De outro modo, no contexto do Norte da Itália, a pesquisadora Andrea Muehlebach (2013) procura destacar em seu trabalho porque algumas características do neoliberalismo são tão atraentes para muitos católicos. O que percebe a partir de seu contexto de observação é que “A tentativa do catolicismo de infundir o mundo contemporâneo com amor (caridade ou caritas). A igreja não considera o amor uma emoção humana. Em vez disso, o amor é uma expressão do divino”. Há, a partir de sua análise dois argumentos centrais para entender como esse sentimento opera na relação com o catolicismo. Pode operar incitando uma ética de “justiça distributiva”, no sentido de que esse amor é utilizado como justificativa para agir contra o sofrimento através da boa ação, e os pobres são feitos de objetos de amor para receber esses atos bondosos. Portanto, o sentimento de amor destacado pela autora é também corolário de outros valores - caridade, compaixão, voluntarismo que não alteram o status da pobreza, mas reforçam ainda mais a desigualdade social (Cf. Muehlebach, 2013. p. 454). Por outro lado, o amor direcionado aos pobres também pode ser compreendido como uma forma de solidariedade mantida através da caridade. Em ambos os casos não se percebe alteração do status social do indivíduo, mas uma dependência, seja em relação as pessoas que têm atos bondosos ou aos Padres que promovem a caridade como um valor religioso.

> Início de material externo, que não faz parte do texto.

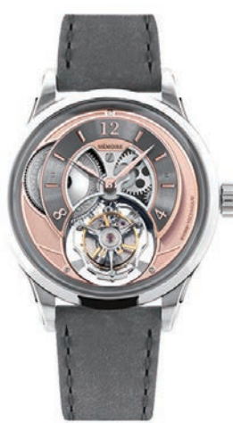
◆ MEMOIRE推出的首枚腕錶命名為Aspirare陀飛輪腕錶。

Aspirare陀飛輪腕錶不僅體現了瑞士製表工藝的精髓，更融入了香港國際化的美學視角。腕錶直徑40毫米，表盤用上近年流行的三文魚色作主調，經噴砂處理並加入直線條作點綴，多層次灰色環狀表盤以立體時間刻度，令設計更富時代感。製表工匠精心設計鏤空表盤，方便佩戴者透過藍寶石玻璃直接欣賞機芯零件外，更於發條盒上鑄刻SWITZERLAND及HONG KONG字樣，文字隨時間流逝慢慢轉動，作為是次跨國合作的見証。
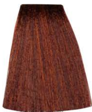
BIONDO SCURO RAME
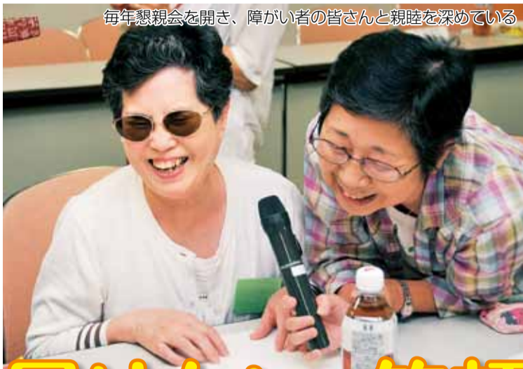
毎年懇親会を開き、障がい者の皆さんと親睦を深めている

編集・発行 / 厚木市政策部広報課 〒243-8511 神奈川県厚木市中町3-17-17 TEL.046-223-1511(代) FAX.046-223-9951
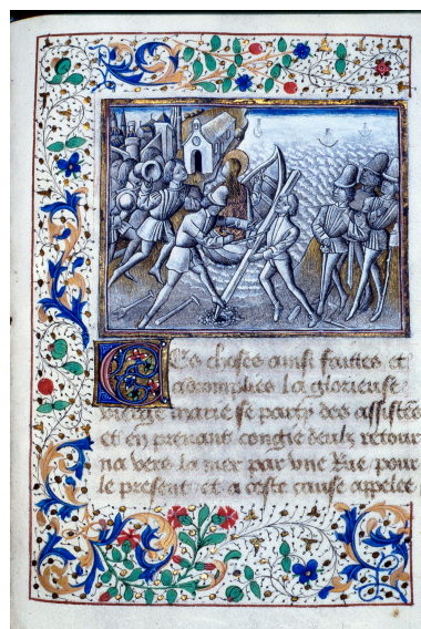
Découverte d'un trésor. B. Arsenal, manuscrit.
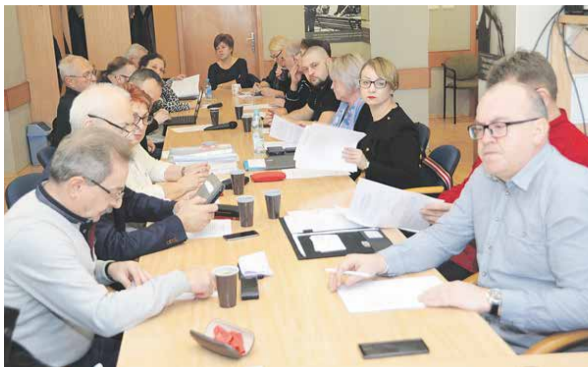
Podczas posiedzenia działacze podjęli m.in. uchwały ws. powołania zarządów komisarycznych w kilku organizacjach.
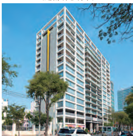
The Landmark (越南胡志明市)
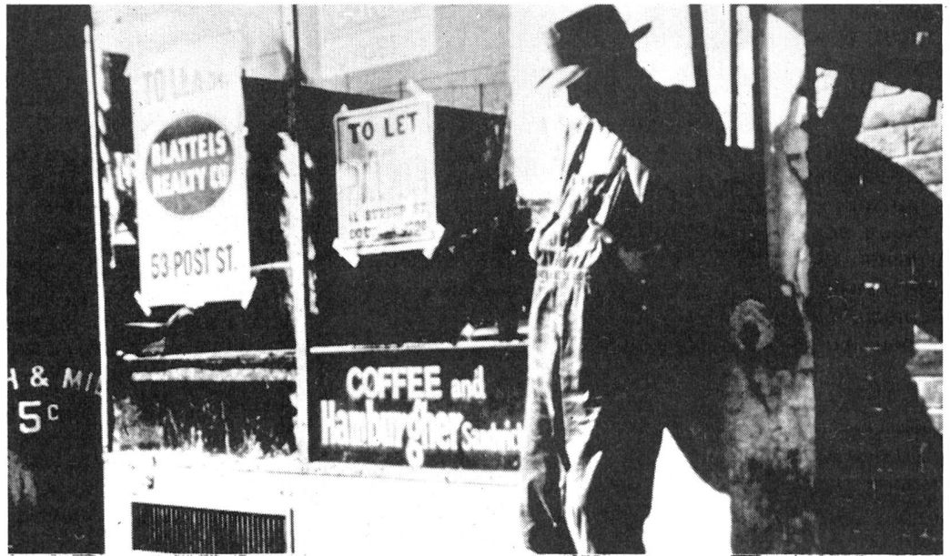
NATIVE LAND (1938-1941): In den USA sind 1932 mehr als 12 Mio. Menschen arbeitslos ...
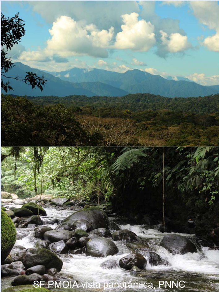
SF PMOIA vista panorámica, PNNC

Educación Ambiental y Comunicación comunitaria: Participación en FICAMAZONIA, red de ecocubles y murales.
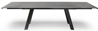
Table extensible Alexander
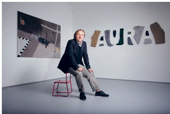
Pados Gábor © acb Galéria
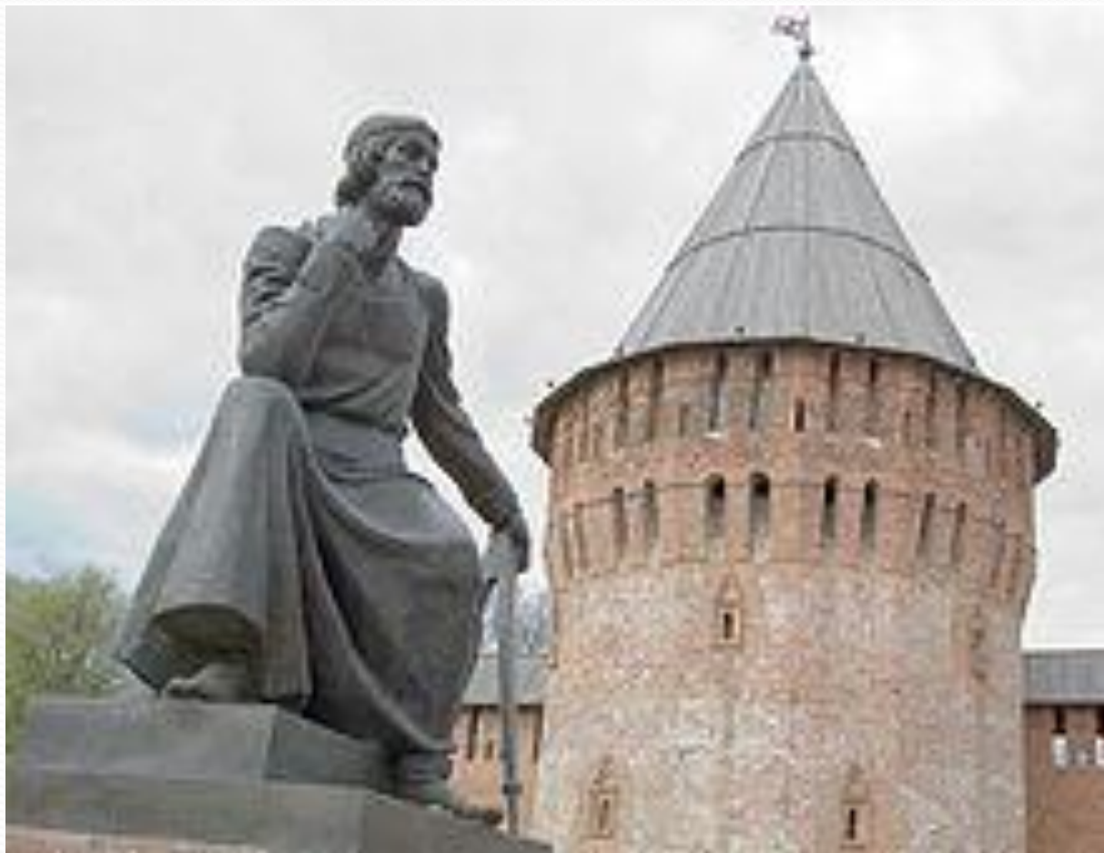
Памятник Фёдору Коню
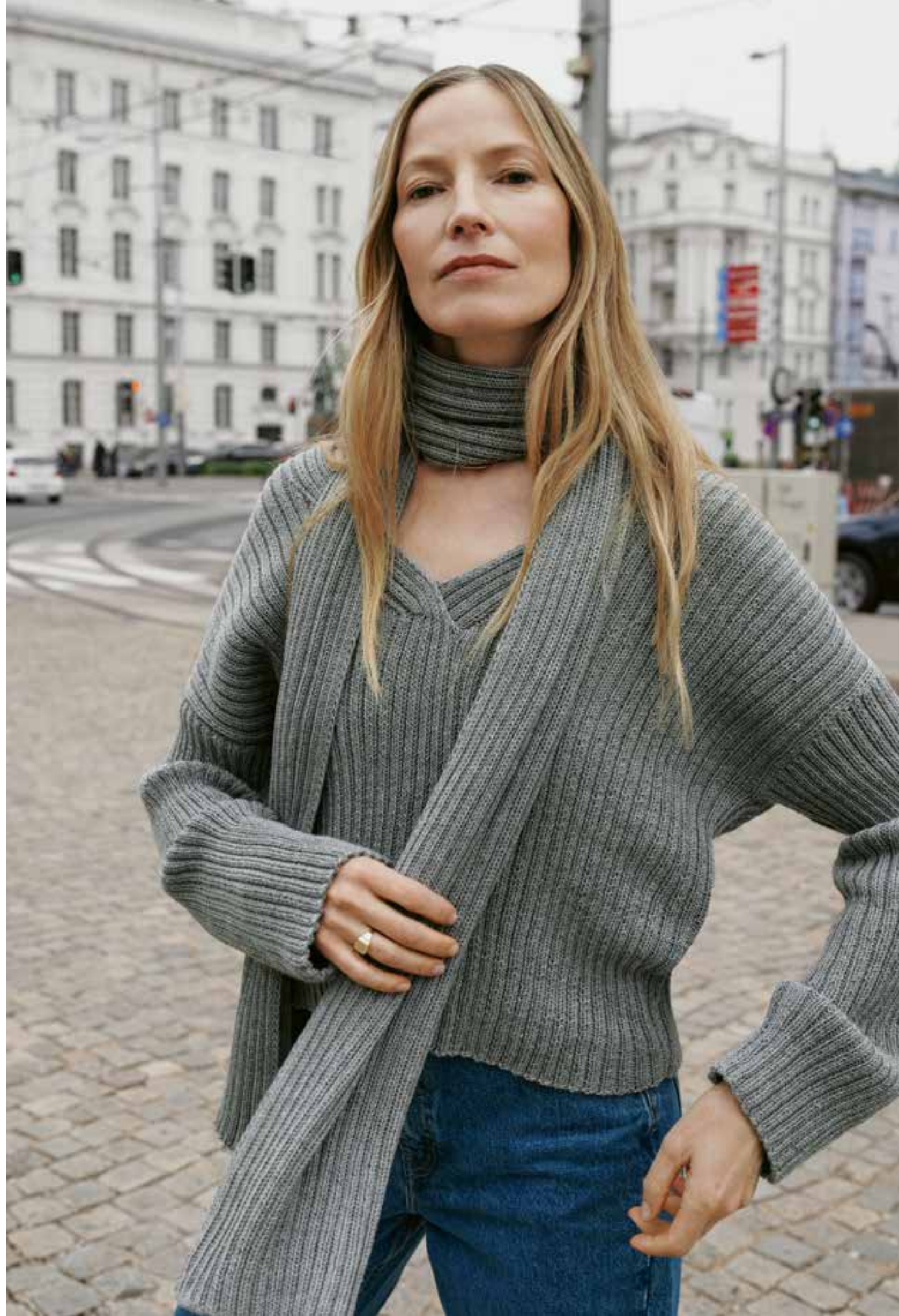
19 // SCHAL_Merino Superiore 20 // PULLOVER_Merino Superiore

Os dois exemplos, da Síria e da Itália, foram trazidos aqui para destacar a expansão da Igreja Católica através das diferentes sociedades, dando destaque ao seu papel social frente as desigualdades. Segundo Boff o que a Igreja faz é “uma opção preferencial pelos pobres como

expressão de sua fidelidade ao Evangelho e ao clamor dos oprimidos”, sua crítica vai além, “não se trata só ser para o povo, mas caminhar com o povo e fazer o próprio povo andar e chegar a sua própria humanização” (Boff, 1994, p. 64). Há, no entanto, desafios que se apresentam a partir da presença cristã no território indiano: Ser uma Igreja atuante diante do cenário de desigualdade; preservar a unidade do evangelho, e dialogar com os vários públicos (hindus, muçulmanos, Budistas, Jainistas, Sikhis, etc).

De acordo com Mosse o catolicismo principalmente no sul da Índia se tornou um recurso social de tomada de consciência, desafio cultural e mobilização política vinculado a luta dos Dalits para desmantelar a hierarquia das castas hindu, tornando-se, dessa forma, parte de uma luta por reconhecimento e de voz política entre uma identidade cultural Dalit. (Cf. Mosse, 2017, p. 114). De fato, a partir do meu trabalho de campo, pude observar que o Catolicismo não só contribuiu, no Sul, para ressignificar a experiência Dalit no contexto indiano, mas entre as tribos indígenas do Norte também representou uma mudança significativa para incentivar, educar e mobilizar as populações indígenas a estudar, procurar emprego e lutar pela garantia de seus direitos sociais e políticos. Essa Igreja parece condizer em muitos aspectos com a fala do Padre Vincent e com uma Igreja que se sustenta a partir do público desfavorecido. No entanto, essa preocupação da Igreja com a sobrevivência das populações Dalits e tribais atrelada à prática social, não só dá sentido à forma de atuação da Igreja Católica nesse contexto, bem como, visa discutir o porquê desta vontade de empoderar como parte da prática religiosa.